Recent California Appellate Decision Could Dim Sunshine Laws, Cripple Transparency

April 3, 2014 | In the last few days, the United States Supreme Court handed down a decision in the  McCutcheon v. Federal Election...


April 3, 2014 |

In the last few days, the United States Supreme Court handed down a decision in the McCutcheon v. Federal Election Commission that will alter campaign financing. 

While much has been written about McCutcheon, there was also a recent California Appellate Court decision issued last week that could greatly affect access to records and more importantly, how public and elected officials conduct business in the name of the people.

The California Sixth District Appellate Court issued a 3-0 ruling last week in the case that started out as Smith v.
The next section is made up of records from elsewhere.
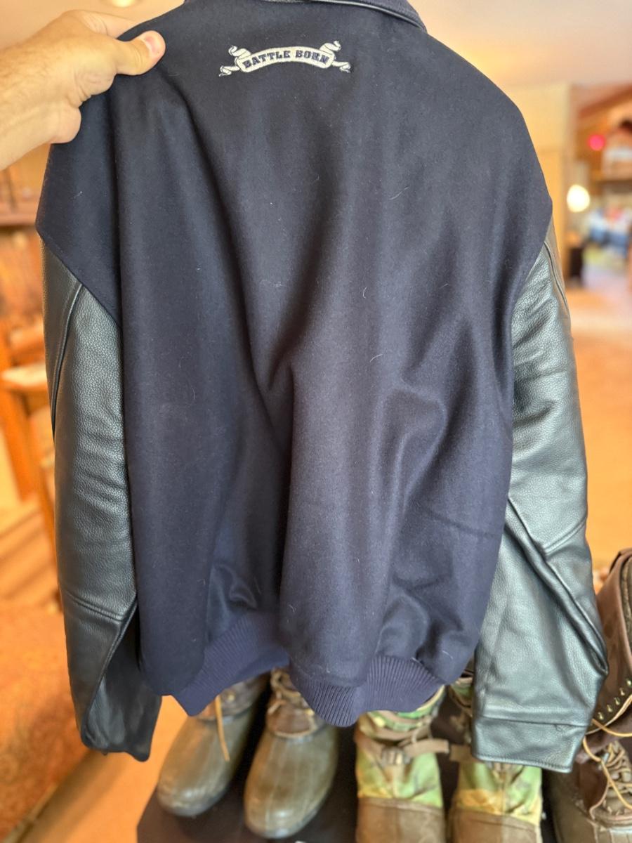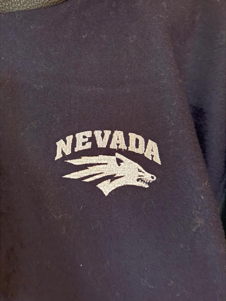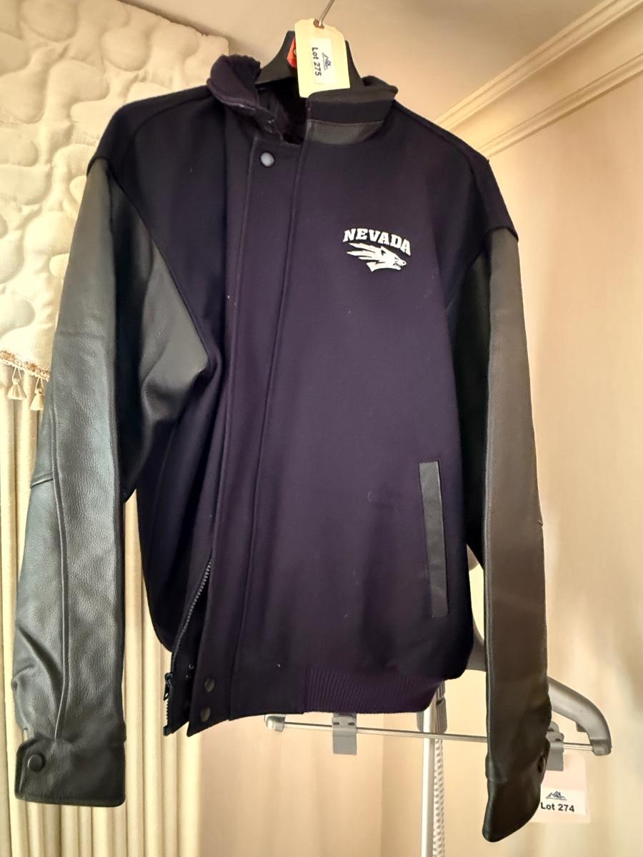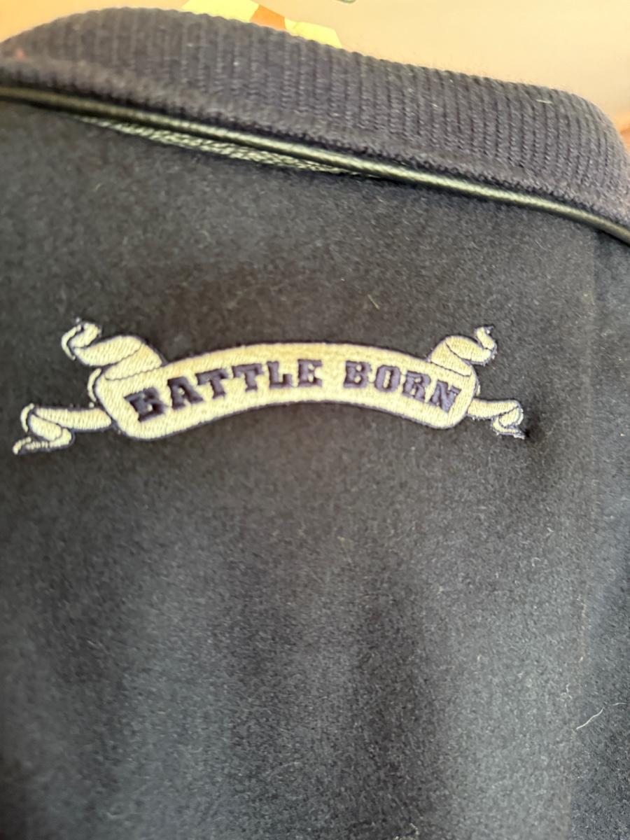 Battle Born UNR XL Blue & Leather sleeved Bomber coat
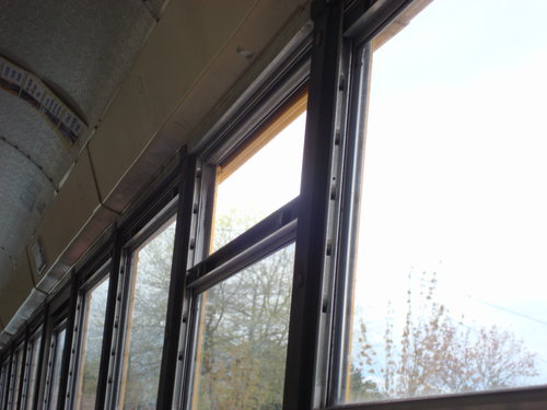 校車的窗子是由上往下拉開的,所以空氣由上面吹進來。
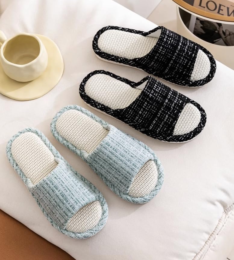 HOT ! Womens Slippers, Linen Flax House Slippers for Women Men Unisex, Cute Soft Open Toe Summer Bedroom Slides House Shoes Indoor Outdoor Shower Drys fast
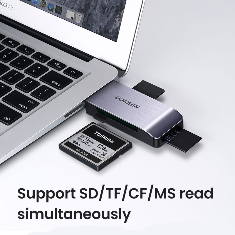 【Durable Materials & Excellent Warranty】The Compact Flash Card Reader is made of high quality aluminum alloy that is good for heat dissipation and prevents overheat. Anti-slip ABS bottom secures the SD memory card adaptor firmly and keeps it safe in place. UGREEN USB Card Reader comes with 6-month quality warranty and lifetime customer support
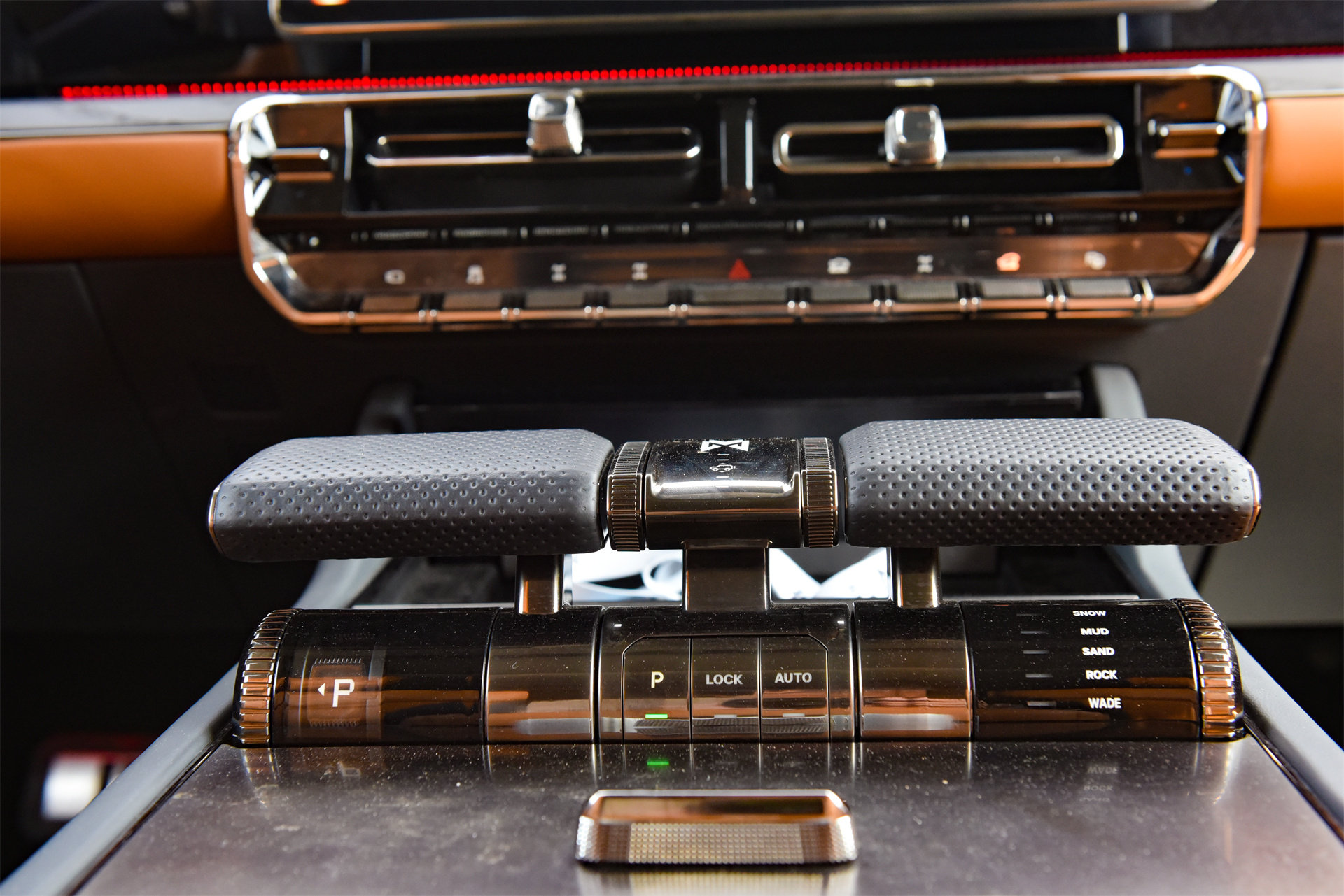 例如它的油门刹车踏板,做得比同级很多车都要宽大许多,这是为了满足人们在重度越野时,穿着重型登山鞋或靴子时开车用的。再比如中控台上那个巨大的,像飞机节流阀一样的巨型“换挡杆”,这个机构其实集中了猛士917最核心的控制模式。这个结构从左到右分为三个控制区域,最左侧的是换挡杆,在P挡状态下前推是R挡后拉是D挡,和绝大多数其他车的逻辑一致,P挡则被放置在了整个“节流阀”的中央位置,是一个独立的按钮。
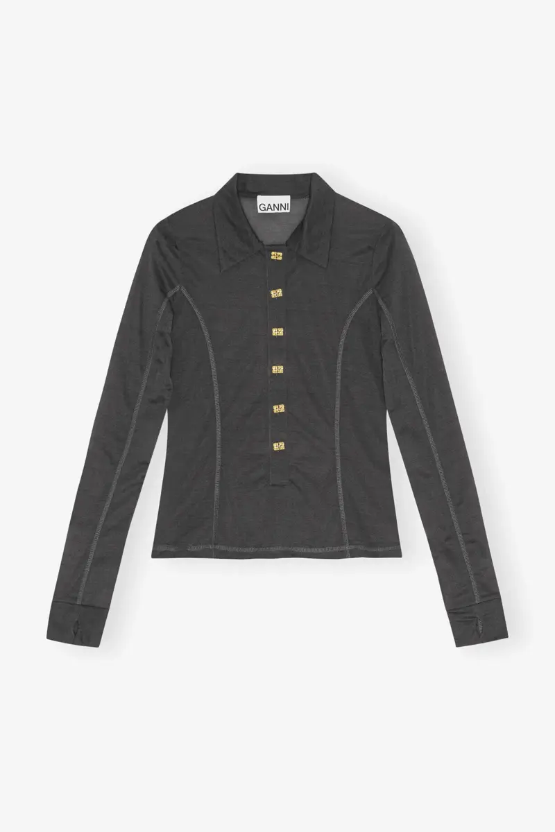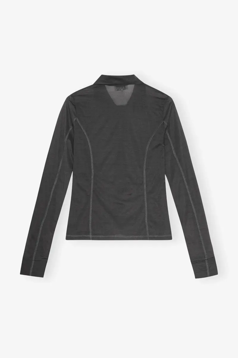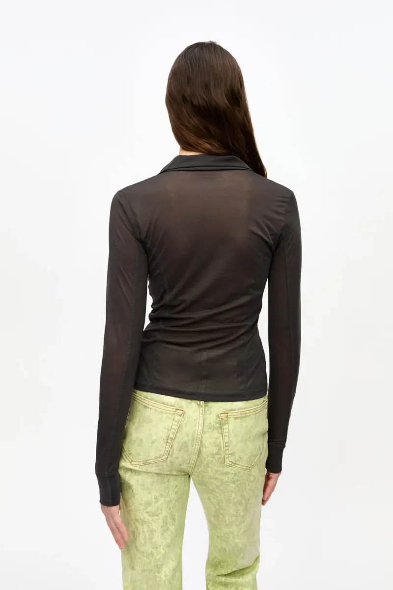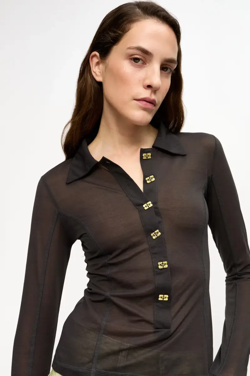 This Black Sheer Mesh Jersey Buttoned Collar Top features a collar, button closure at the front and long sleeves.
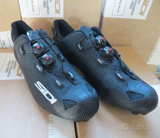 SIDI MTB TIGER 2 SRS CARBON Uso: MTB/XC. Suola: MTB SRS Carbon-Ground. Tomaia: Microfibra TechPro opaca e rete. Soletta confort. Chiusura: doppio Tecno-3 Push Flex. Pedali sgancio Automatico (SPD - 2 fori). Punta in gomma, Tacco sostituibile, Tallone integrato, Reflex Adjustable Heel Retention Device. Misure disponibili: 45 Prezzo di listino euro 409,00
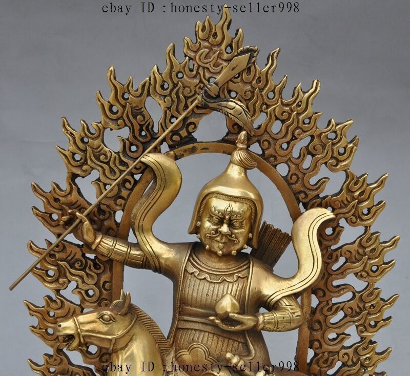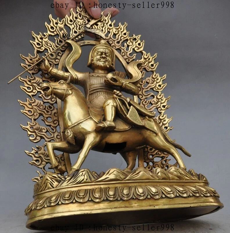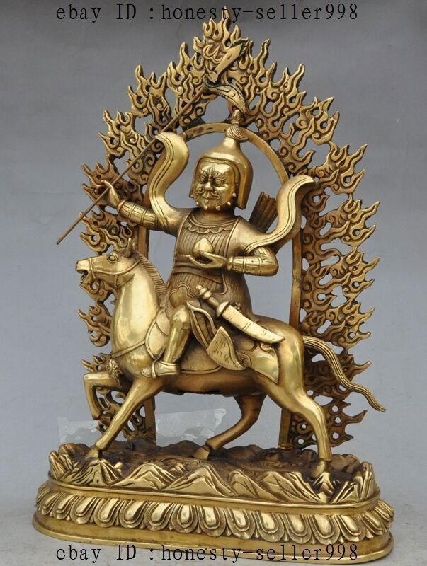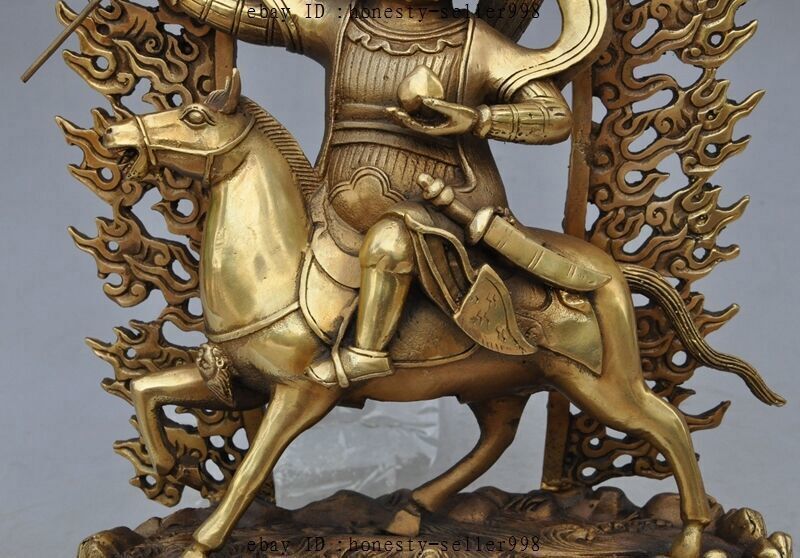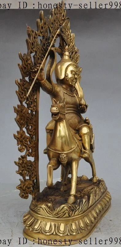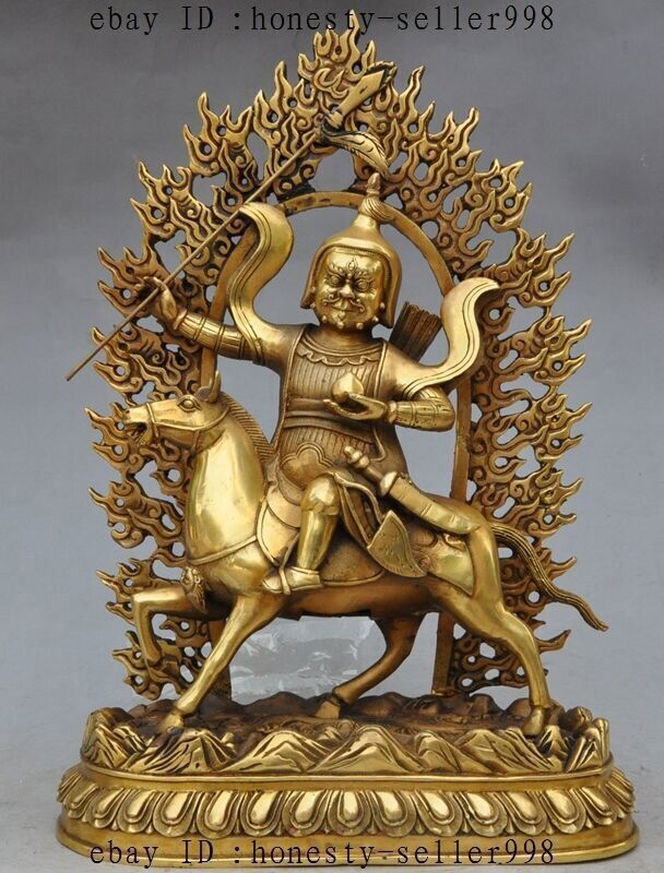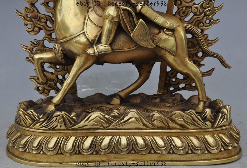13"Tibet Buddhism Bronze Joss Palden Lhamo Protection Deity Ride Horse Statue Product Description Size: Height : 13.38 inch .Long : 9.05 inch . breadth :3.93 inch Size: Height :34 CM .Long : 23 CM . breadth :10 CM Weight: 3.5 KG----included the weight of packing materials Materials: brass Condition: Good condition Origin: China Payment Delivery details Terms of sales About us Contact us Payment Only accept Paypal Delivery details We will ship out your item within 7 day through Airmail after the payment was cleared. Normally it expects 10 to 25 days to get to worldwide destinations. It needs 1-2 weeks to Japan, 2-4 weeks to Europe,Australia and USA . We ship worldwide . Terms of sales If you have any problem,please send me message first,we'll do our best to resolve the problem! Satisfied with our service,Please give me a 5 star positive feedback,then I will give you a 5 star feedback too! If you are unhappy with the item or our service,please send me message before leave feedback,just give me a chance,thank you! About us When you receive the items,if you don't like,we accept return and refund,but the buyyer should pay for the shipping cost. If something goes wrong,or you don't want the items,please send me message before leave feedback,thank you! Contact us If you have any questions about this item, please send me message before you bid. We will be very happy to answer any questions you may have. Please feel free to send me message if you have any question about the items. Most message will be answered in 12 hours .
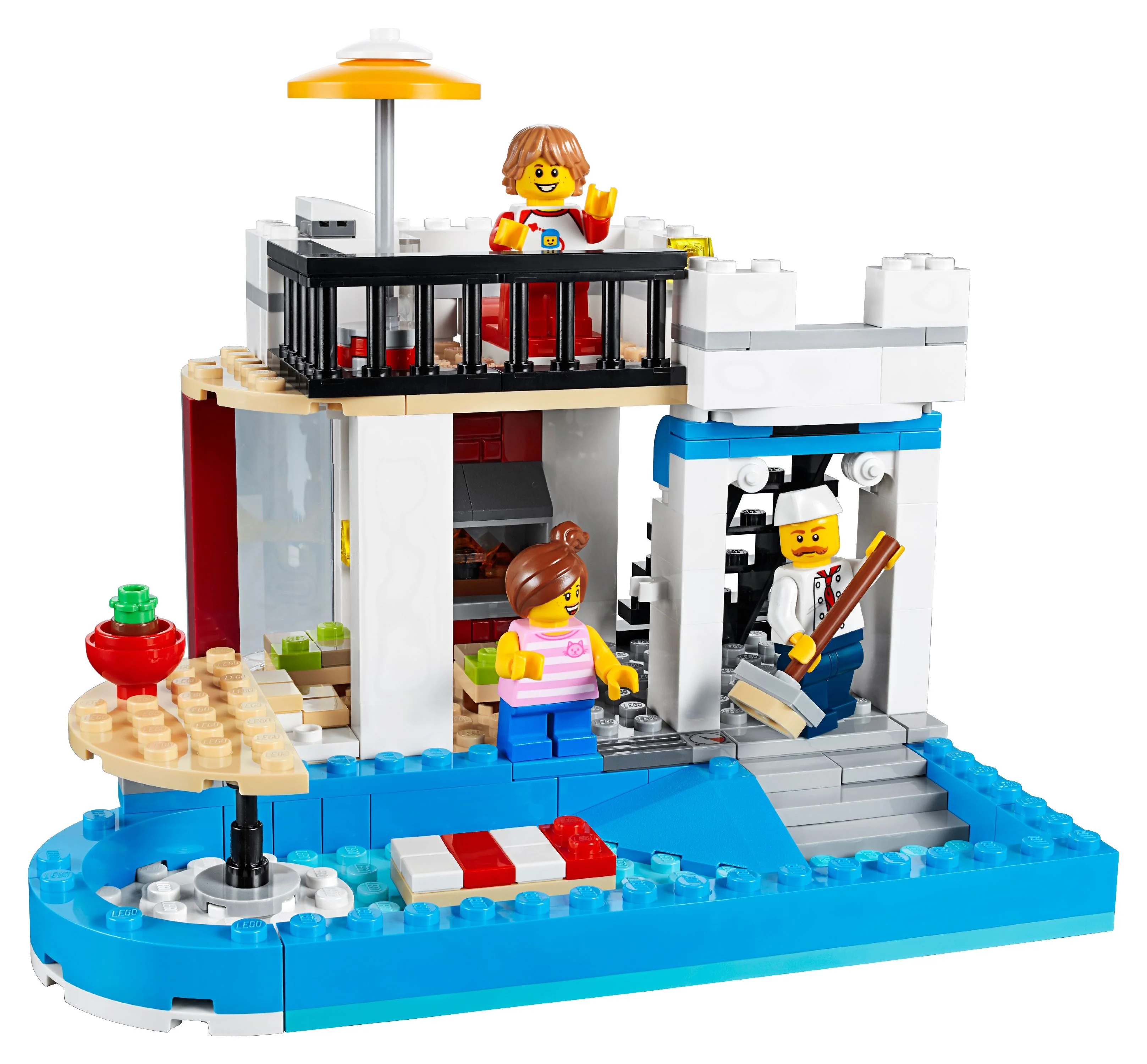 $55.89Enjoy a wealth of summer activities with the Poolside Holiday set, featuring a house with a red and tan color scheme, rooftop terrace with flowers and barbecue, and a garden area with trees, greenery, swimming pool and a table tennis table with rackets. Interior details include a guitar amplifier, flat-screen TV and a sofa. Mix and match the buildable modules to create a rooftop pool or a rooftop garden, and easily swap the window, door and other modular sections to customize the house with the new-for-June-2017 LEGO® Creator modular system. Combine this set with the 31068 and 31069 modular-system sets to create a dream house with endless build and play opportunities! This 3?in?1 LEGO Creator model can also be rebuilt to create a Skate Park Holiday or a Music Garage Holiday. Includes 2 minifigures.
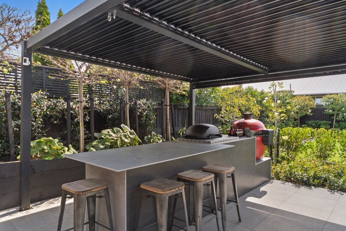 The current owners have created superb outdoor living on this 809sqm, North facing site. French doors open onto a decked patio shaded with an electric awning and a tiled terrace has two pergolas with louvres covering a barbeque area and al fresco dining opposite. A built in BBQ as well as a Kamado Joe ceramic charcoal grill and bar fridge are included in the sale along with a sizeable Spa pool nestled in the garden. Entering from Glandovey Rd, a generous forecourt behind the electric gate has plenty of room for extra vehicles in front of the double garage. There is secure parking for a trailer or perhaps a boat or caravan.

San Jose, that public messages by government employees and elected officials on private communication devices are exempt from public disclosure laws. Plaintiff Ted Smith had sought communications by the Mayor of San Jose and city council members regarding a downtown San Jose development project that were conducted on private devices.  

The 3-0 decision overturned a lower court ruling that ruled they were subject to disclosure laws. Smith is expected to appeal to the California State Supreme Court. 

Media associations such as the First Amendment Coalition and California Newspaper Publishers Association have expressed concerns the ruling will allow public officials to skirt public access and open meeting laws simply by conducting business on personal electronic devices.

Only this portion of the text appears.